■ Task description:
When the word "Medical" shows up in a line of the records below, copy that line.

■ Source material:
..............................
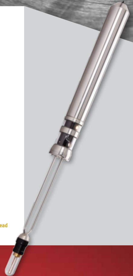
BT9700 camera with LED lighthead
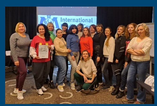
International Medical Corps Self-Help (SH+) training in Krakow, Poland, from October 20–22.

In October/November 2023, International Medical Corps' Poland team continued its efforts supporting war-affected and vulnerable populations. The team:
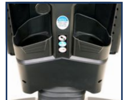
Two cup holders
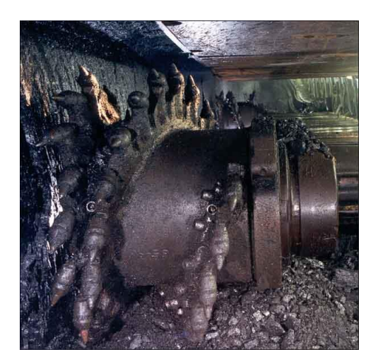
Figure 5: Longwall miner (BLM)

If the coal is much deeper than several hundred feet below the surface, the best method for extraction is a traditional underground mine. The process of mining, though, is anything but traditional. Today's mining operations rely on heavy tunneling equipment to extract the coal instead of dynamite, pickaxe, and shovels. Figure 5 shows a picture of a longwall miner operating in Utah. In this type of operation, large rectangular blocks of coal are apportioned within the seam and then carved out by cutting paths through it. The large blocks are then removed in one continuous cutting by the machinery as it moves back and forth across the block face<sup>9</sup>. Operations like this pose several hazards, though. One is that the mine might cave in as supporting coal is removed. This is generally taken care of by large hydraulic systems that support the mine while operations are in process. There is also the hazard of explosion from methane gas and coal dust that build up in the air. As the coal is cut, methane that is trapped in the coal is released, and small chips of flammable dust get into the air. These
..............................
■ The completed task:
International Medical Corps Self-Help (SH+) training in Krakow, Poland, from October 20–22.
In October/November 2023, International Medical Corps' Poland team continued its efforts supporting war-affected and vulnerable populations. The team:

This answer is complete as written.